The Drake Equation is a way of estimating how many intelligent civilizations our galaxy may currently host, to within a few orders of magnitude. It includes estimates such as ten stars forming per year, half of all stars having planetary systems, a couple of those planets being suitable for life, etc. If life commonly evolves on such planets and if 1% develop to intelligence, we can estimate that the number of technically advanced civilizations in the galaxy is about 0.1 times the average lifetime of such a civilization. Thus if an average civilization lasts a million years, there could be 100K such civilizations in our galaxy.

Now consider the pace of evolution. Human intelligence depends on a complex brain, which has quadrupled in size (although probably not in connection complexity) over the past 3M years. Call that a doubling time of 1.5M years, which is astonishingly rapid development for such a structure. However, note that our microprocessors and other chips are doubling in transistor density (or "complexity") every 1.5 years, or a million times as fast. It's harder to measure our progress in algorithms and intelligent systems, but certainly their improvement is also spectacular. (Look at speech recognition, for instance. A PC can now respond to more commands than can a dog or chimp.) By the year 2000, Intel expects 100M-transistors chips able to execute 2B instructions per second. It seems likely that we will soon -- in 100 to 1,000 years? -- create artificial intelligences. A significant fraction of other intelligent species will do likewise, given enough time.

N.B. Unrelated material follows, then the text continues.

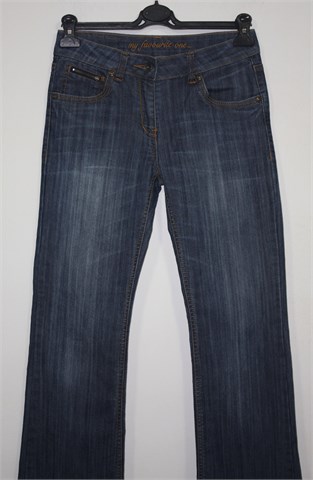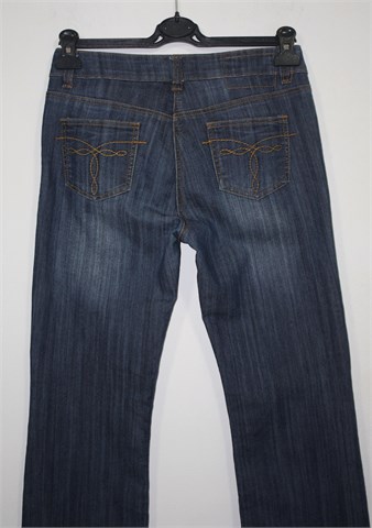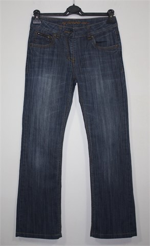 Yessica (C&A) traper hlače srednje plave boje, mjestimično ispranog izgleda (tvornički used look). Prednji cif i kopčanje, pasica za remen. Prednji i stražnji džepovi (stražnji sa ukrasnim prošivima od konca). Vrlo blago rastezljive. Skraćivane nogavice.

We can further suppose that artificial intelligences will help their biological creators survive, or will at least endure and spread beyond the limits of their creators. Hence civilizations that develop artificial intelligence are likely to be the longest-lasting and most wide-spread in the galaxy. They greatly increase the number of civilizations we could encounter. When we do meet our neighbors, it is likely that they will be very old civilizations, and most likely they will be non-biological. [Efram E. Goldstein , comp.ai, 30Apr98.] (Perhaps they will be biomechanical hybrids: cyborgs. Or we may find the distinction irrelevant, as molecular components replace our bulk technologies.)